When Hungary built a razor-wire fence on its borders with Serbia and Croatia in 2015, the flow of refugees was redirected westward toward Slovenia. Tight border patrols and tough new Hungarian laws punishing illegal entry and border fence vandalism slowed down the amount of refugees allowed through the borders. Now illegal crossings into Hungary have sharply increased after other nations along the Balkans reduced the flow of people to only a few hundred a day and set new limits on their nationalities.
Afghans, who had passed freely before, were suddenly not being allowed to leave Greece, and no officials would say why, leaving tens of thousands of people stuck at its northern border, overflowing the refugee camp at Idomeni.
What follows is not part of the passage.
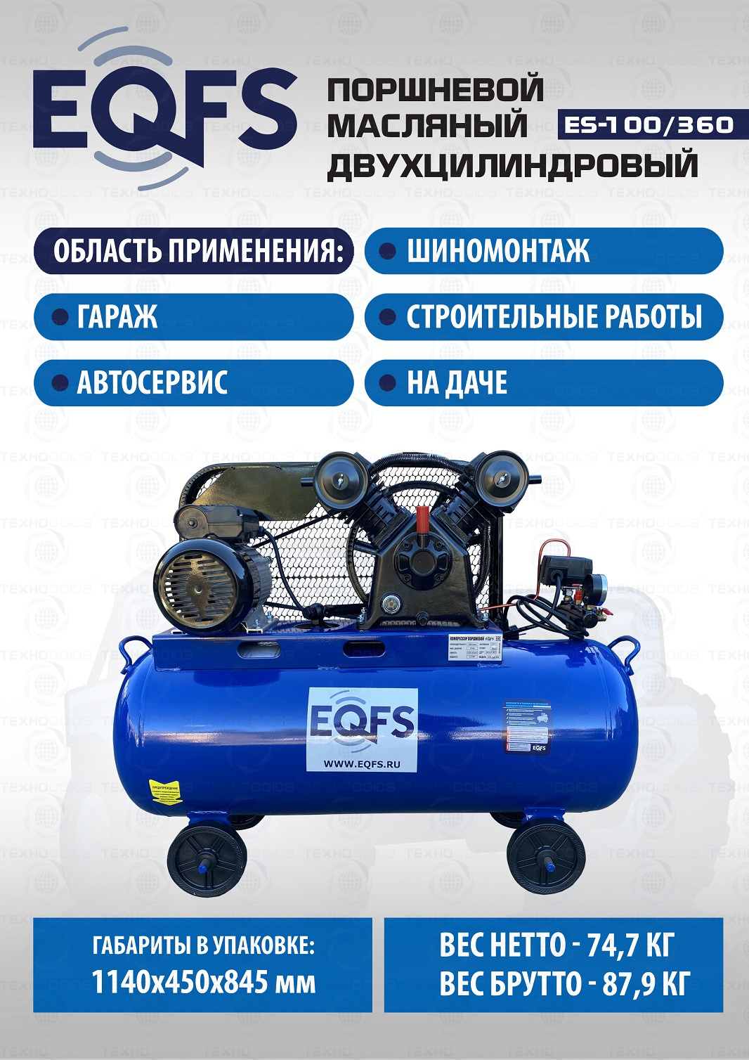 + компрессор поршневой трехцилиндровый производительностью 360 л/мин

A regional governor has since called on the Greek government to declare a state of emergency for the surrounding area of the Idomeni crossing, where around 13-14,000 people are trapped at the border that it shares with Macedonia, while another 6-7,000 are being housed in refugee camps around the region. Living conditions are worsening, and it is feared that another 18,000 refugees elsewhere in Greece will eventually join them.
Fellow EU leaders, long divided over how to end chaotic movements that have put Europe's Schengen open border system in jeopardy are pledging help to Athens cope with the backlog and seek assurances that Turkey, with NATO naval back-up in the Aegean, will stop people smugglers putting refugees to sea.
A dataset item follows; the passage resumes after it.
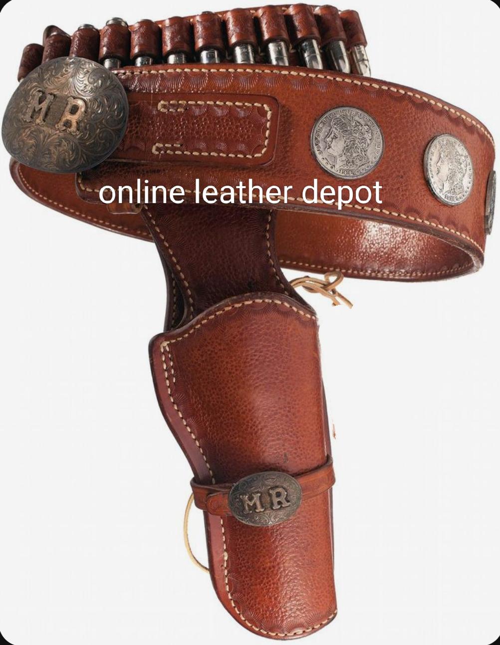 Western-Patronengürtel aus Leder mit Schlaufen und Hammerriemen, Revolverholster, Pistolenhülle .22.32.357.38.44.45 ,

Smuggling opportunities have bloomed across the Balkan migrant route that goes through Macedonia, Serbia, Croatia and Slovenia before reaching Austria, with travellers not only risking their money, but their lives. In August 2015, Austrian authorities found 71 people, from 10 months to 56 years old, who suffocated in the airtight cargo of a truck that left Serbia, travelling via Hungary to Austria. Refugees are continuing to be smuggled into car boots or squeezed into secret compartments on trucks or buses, before driven along the same illegal smuggling routes used by drug traffickers. Others may be taken through regular border crossings where guards or custom officers are being bribed to turn a blind eye.
Still, there are others who are driven to the borders by traffickers, mostly taxi drivers, and are then left to cross the fences on their own. If they are lucky, they will be picked up again by another smuggler on the other side of the border after walking through forests or across frozen rivers. If not, they will be caught by border patrols.
A border fence, which separates neighbouring countries Morocco and Spain is frequently climbed by those travelling to the West. In 2014, 2,000 people made their way across Melilla, a tiny Spanish enclave on the northern coast of Morocco, before they reached the border fences. Roughly 60 attempts were made. Thousands of African immigrants living illegally in Morocco try to enter Spain's enclaves of Melilla and Ceuta each year, hoping to reach Europe.